Dugdale: A new act of the Union

It would seem that Labour are slowly moving the wheels towards supporting Scottish independence. Kezia Dugdale, Scottish Labour’s current leader, has proposed a new Act of Union as part of a federalised United Kingdom ‘solution’ to address the will for an independent Scotland.

Dugdale is a political figure expected to be shuffled away from Scottish politics sometime soon but her announcement at a ‘think tank’ in London is a welcome development none the less. It is difficult to tell whether utterances from a figure like Dugdale represent Labour think but it is an acknowledgement that the will for independence is still significantly strong in Scotland, contrary to reporting in certain press. And Dugdale is correct about the need for a reconsidered Union, though it will have to be one negotiated by Scotland from a position of an independent sovereign nation.

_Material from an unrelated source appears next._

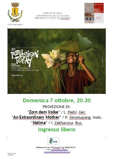 Nell'ambito della Biblioteca per la Pace 2018, la biblioteca civica di Arco ospita una delle proiezioni del Religion today film festival, il primo festival internazionale e itinerante di cinema delle religioni per una cultura della pace e del dialogo tra persone, popoli, fedi e culture.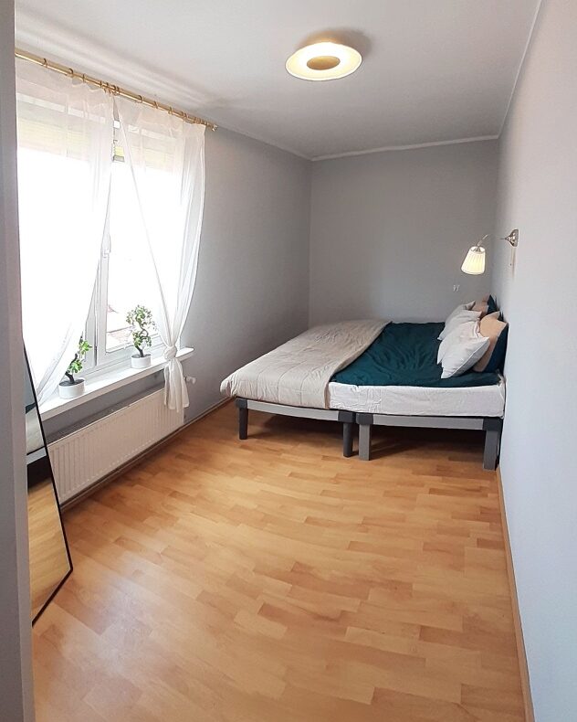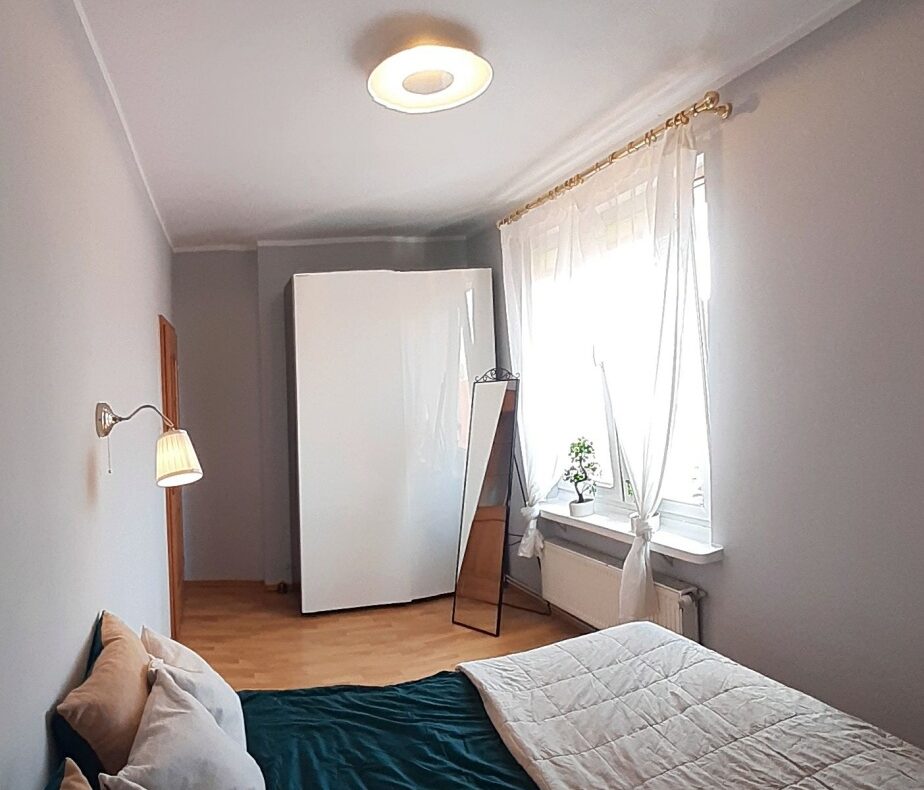 łóżko małżeńskiego 180×200 z materacami IKEA,obszerna szafa na ubrania 150×236,firany i żaluzje w oknie,lustro stojące,lampka ścienna

An independent Scotland should clearly maintain a close relationship with its closest neighbours and, for economic and practical reasons, having a specific agreement between Scotland and England, Wales, and Northern Ireland would be desirable. Just as Scotland wishes to maintain its links with the EU, Scotland would benefit from being part of a Union of Kingdoms with its current United Kingdom partners. In fact, with England and Wales deciding that they do not wish to remain in the EU, an independent Scotland could act as an arbitrator or conduit of trade between England/Wales and the EU.

Labour in Scotland are where UKIP, the LibDems and the Green Party are in the rest of UK and, in Holyrood, Scottish Labour are struggling to recover, with signs that Dugdale doesn’t represent the mood of once Labour voters. Dugdale’s potential as a figure in Scottish politics was somewhat undermined by her backing of the right leaning Labour leader ‘challenger’ this past summer. So, publicly demonstrating being out of touch with your voter base, when you are trying to rebuild your voter base, does not bode well. Aligning yourself with the politics that isolated the Labour party from its supporter/voter base does not look like sound political judgement, especially when in the face of progressive policies.

Just as the national Labour party cannot afford a resurgence from New Labour’s ghosts, Scottish Labour cannot afford to reject progressive political thinking in favour of a return to the isolationism and ‘Little Britain’ thinking of Labour’s right wing.